The Pilgrims of Plymouth could see no way of shaping their lives in accordance with the higher law except by separating themselves from the world. We have their problem, how to make the most of our lives, but the conditions have changed. Ours is an age of scientific aggression, fierce competition, and the widest toleration. The horizon of humanity is enlarged. To live the life now is to be no more isolated or separate, but to throw ourselves into the great movement of thought, and feeling, and achievement. Therefore we are altruists in charity, missionaries of humanity, patriots at home. Therefore we have a justifiable pride in the growth, the wealth, the power of the nation, the state, the city. But the stream cannot rise above its source. The nation is what the majority of its citizens are. It is to be judged by the condition of its humblest members. We shall gain nothing over other experiments in government, although we have money enough to buy peace from the rest of the world, or arms enough to conquer it, although we rear upon our material prosperity a structure of scientific achievement, of art, of literature unparalleled, if the common people are not sharers in this great prosperity, and are not fuller of hope and of the enjoyment of life than common people ever were before.

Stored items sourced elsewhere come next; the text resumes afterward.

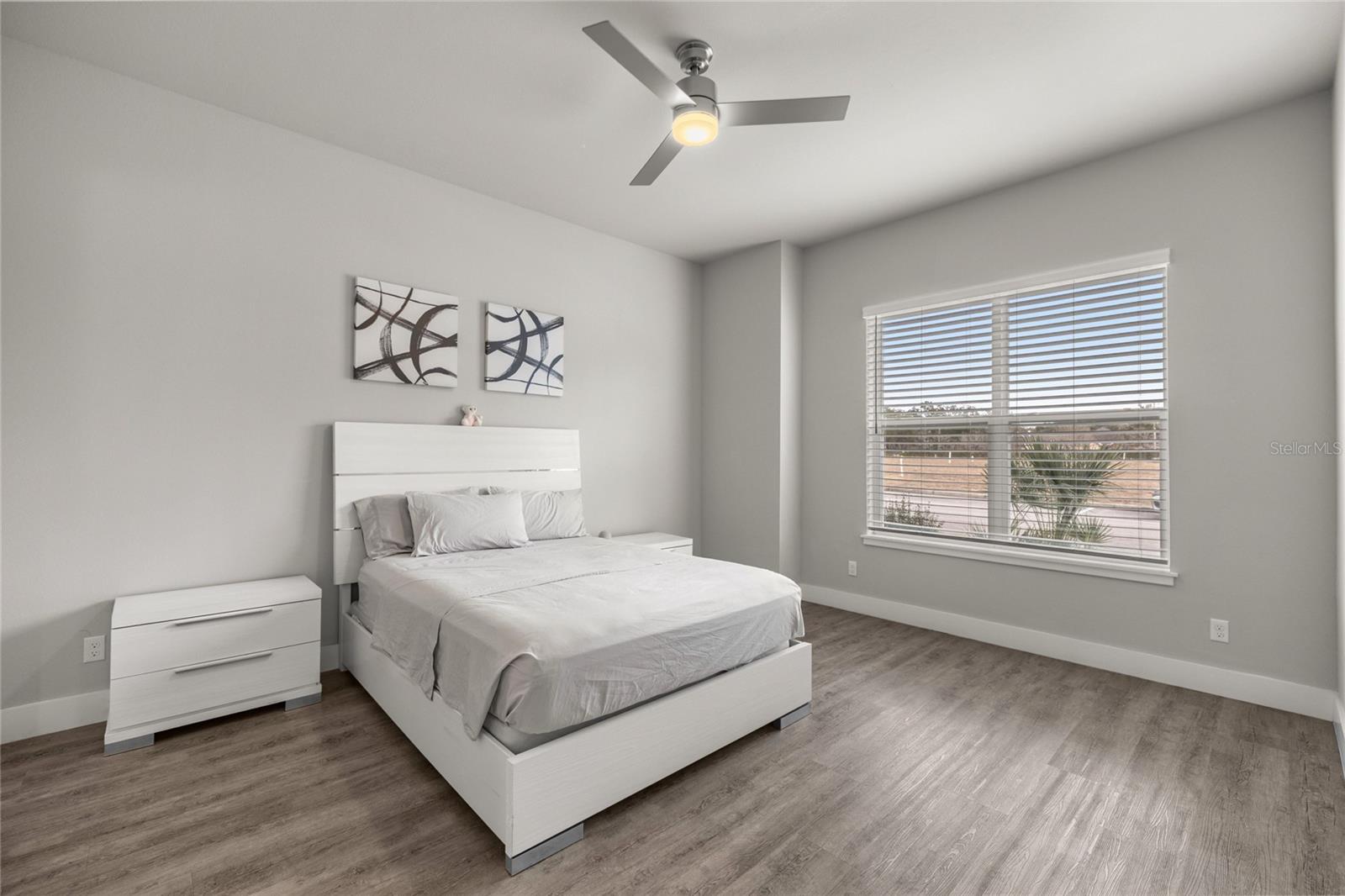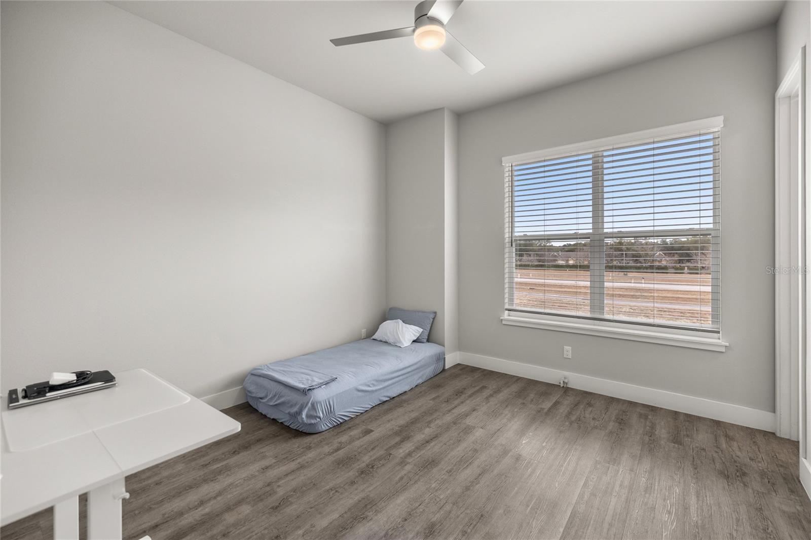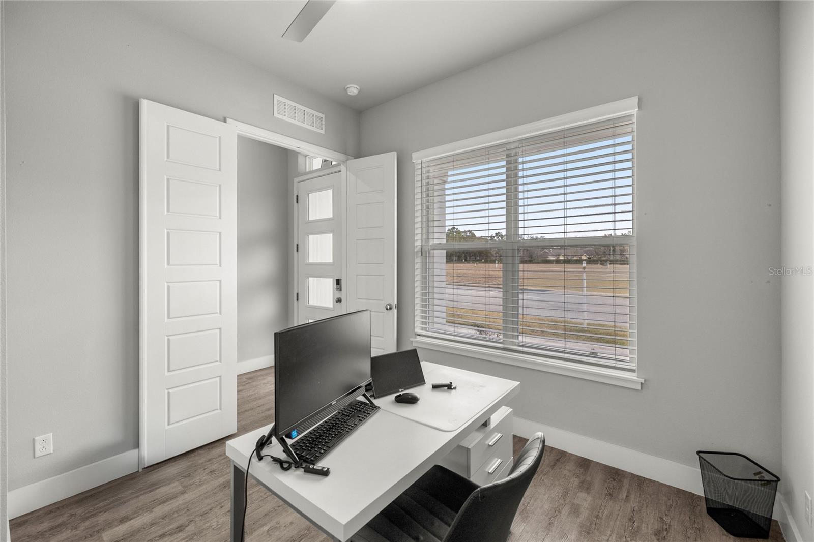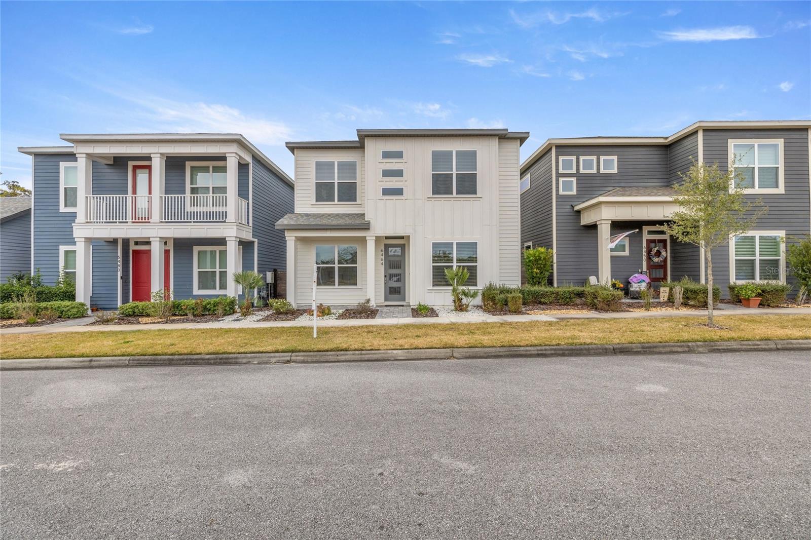 Experience modern living at its finest in the sought-after Grand Preserve community with this Pearl floor plan built by Skobel Homes. This Energy Star-certified 4-bedroom, 2.5-bath home is designed for efficiency and comfort, featuring spray foam attic insulation, a tankless gas water heater, and vinyl low-e insulated windows. The property is fully equipped as a Smart Home, with app-controlled doors, thermostats, alarms, and lighting for both floors, all voice-recognition enabled. The primary bedroom and a study are conveniently located on the main floor, while two additional bedrooms, a loft, and a full bath are on the upper level. The great room features an 11-inch tray ceiling with crown molding, adding an elegant touch to the spacious design. LVP flooring throughout the home ensures durability and comfort year-round, with no carpet present. A two-car garage offers sheltered parking, complemented by ample street parking for guests. The screened porch, equipped with sliding screen doors, provides additional functionality. The HOA fee includes lawn maintenance, high-speed fiber-optic internet, and full cable TV service with DVR, offering a low-maintenance lifestyle. Community amenities include a clubhouse, pool, workout room, playground, paved jogging trail, and Clay Electric services. This meticulously maintained home is better than new, combining luxury, efficiency, and a vibrant community atmosphere—an opportunity you won’t want to miss.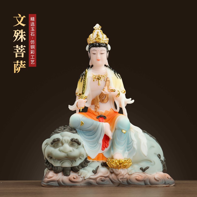 文殊菩薩仏像金榜題名16寸文殊普賢菩薩坐像漢白玉華厳三聖置物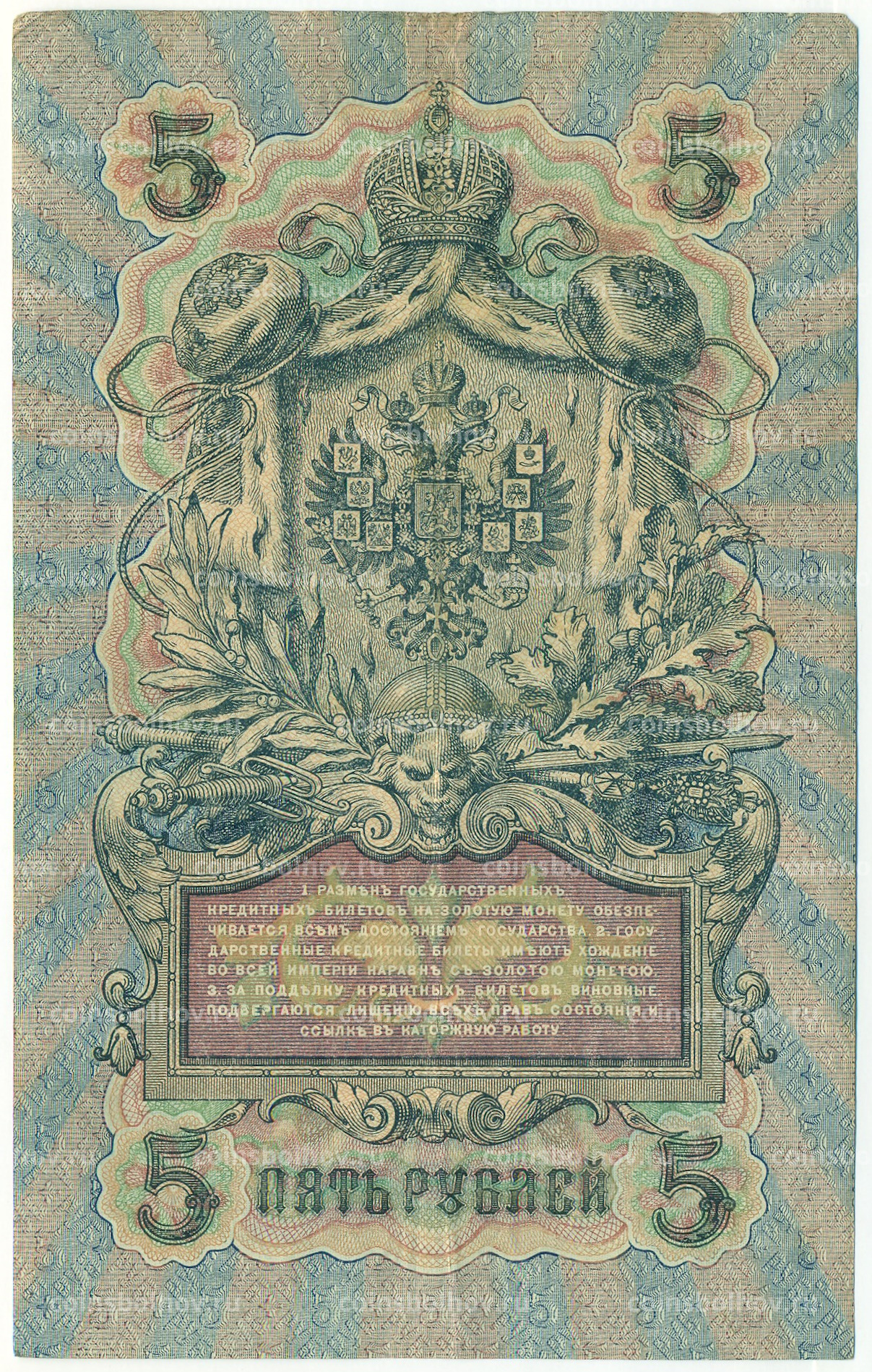Банкнота 5 рублей 1909 года Шипов / Богатырев
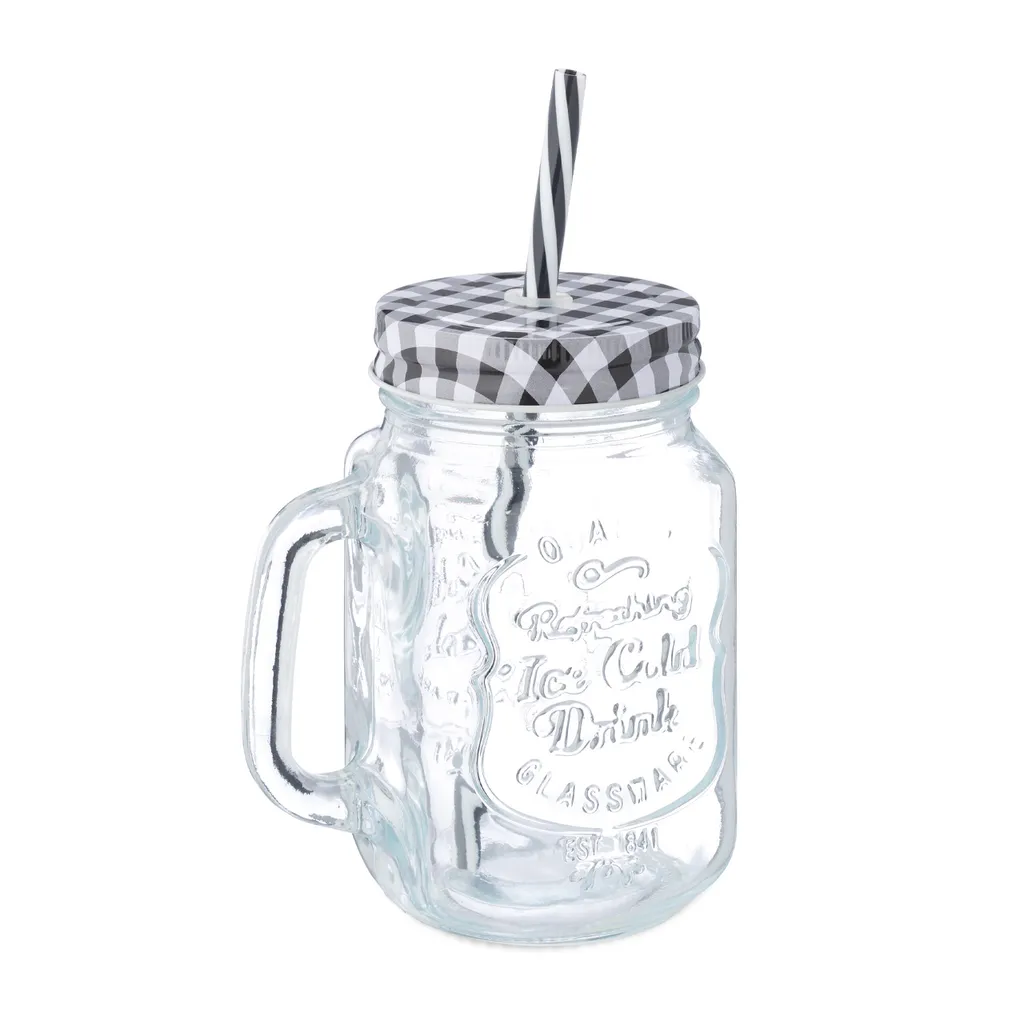 Relaxdays 8er Set Trinkgläser Mit Deckel Kariert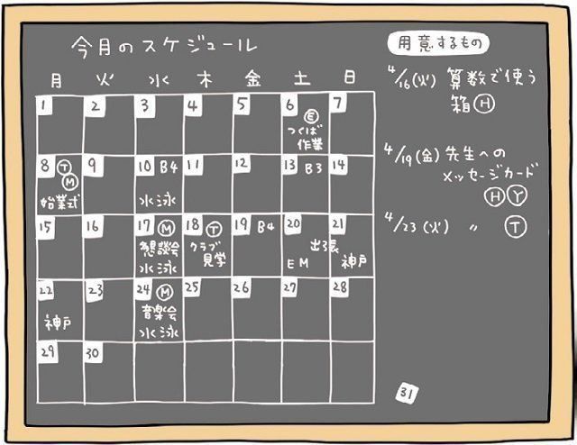 遠足などの行事、提出物の期限、その日の特別な持ち物など、重要な情報はきょうだい全員分カレンダーに記入。全員のプリントを読み返すのは大変なので、忘れると困ることは、これを見るだけでわかるようにします。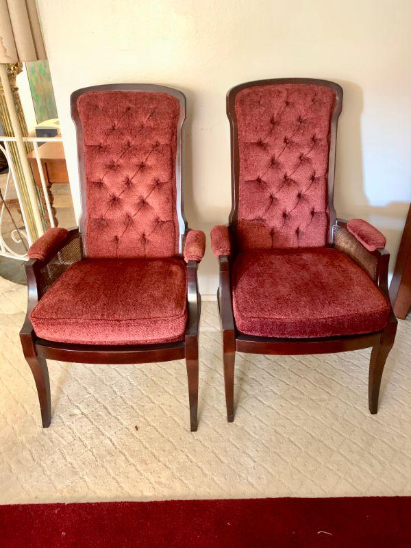 #3  PAIR HIGH BACK UPHOLSTERED ARMCHAIRS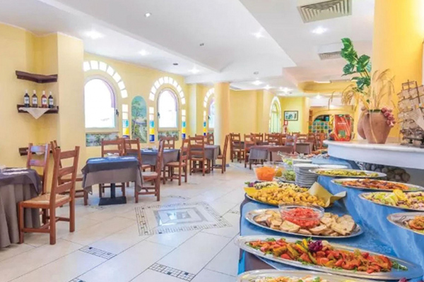 Ristorazione: Tavolo pre-assegnato (con eventuale riempimento con altre persone) e servizio a buffet. Trattamento in Soft All Inclusive: Pensione completa con bevande incluse. American hot buffet breakfast: 07:30 – 09:30 coffee, tea, cioccolata, orzo, cappuccino, crema di yogurt; confetture e marmellate vari gusti; succhi di frutta alla spina, crema al cacao, miele, fette biscottate, frollini; panini, pane tostato, formaggio, salumi, uova soda, uova strapazzate + ad alternanza bacon o wurstel; cereali vari; plum-cake, crostate di marmellata e crostate di cioccolato, torte varie, brioches; croissant. Pranzo: 12:30 – 14:00 a buffet a base di pesce e carne tutti i giorni con antipasti vari, insalate, verdure e contorni; 3 primi piatti; 2 secondi a base di pesce e carne; frutta fresca. Cena: 19:30 – 21:00 a buffet a base di carne e pesce con antipasti vari, insalate, verdure e contorni; 3 primi + 1 zuppa; 2 secondi a base di pesce e carne; frutta fresca + dolce. Bevande incluse: in sala ristorante, durante servizi di pranzo e cena: acqua microfiltrata, naturale e frizzante, in caraffa; vino della casa in caraffa; soft drink (spinati); birra alla spina.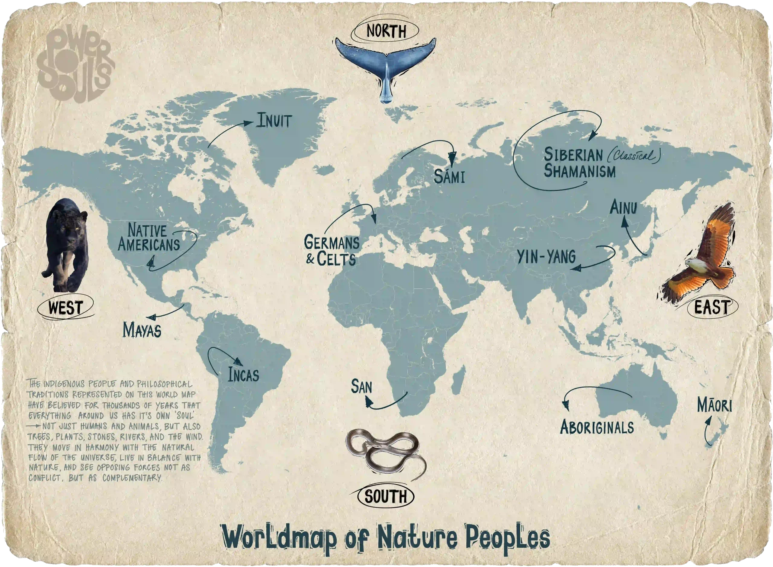 Sommigen zijn het vandaag vergeten, maar al duizenden jaren weten natuurvolkeren over de hele wereld dat we de natuur horen te respecteren — omdat we er zelf deel van uitmaken. We zijn zielsverwanten van de dieren en planten waarmee we samenleven op aarde, in het verleden, het heden en de toekomst. Samen vormen we de PowerSouls.

And we are all common people when it comes to that. Whatever the greatness of the nation, whatever the accumulation of wealth, the worth of the world to us is exactly the worth of our individual lives. The magnificent opportunity in this Republic is that we may make the most possible out of our lives, and it will continue only as we adhere to the original conception of the Republic. Politics without virtue, money-making without conscience, may result in great splendor, but as such an experiment is not new, its end can be predicted. An agreeable home for a vast, and a free, and a happy people is quite another thing. It expects thrift, it expects prosperity, but its foundations are in the moral and spiritual life.
Therefore I say that we are still to make the continent we have discovered and occupied, and that the scope and quality of our national life are still to be determined. If they are determined not by the narrow tenets of the Pilgrims, but by their high sense of duty, and of the value of the human soul, it will be a nation that will call the world up to a higher plane of action than it ever attained before, and it will bring in a new era of humanity. If they are determined by the vulgar successes of a mere material civilization, it is an experiment not worth making. It would have been better to have left the Indians in possession, to see if they could not have evolved out of their barbarism some new line of action.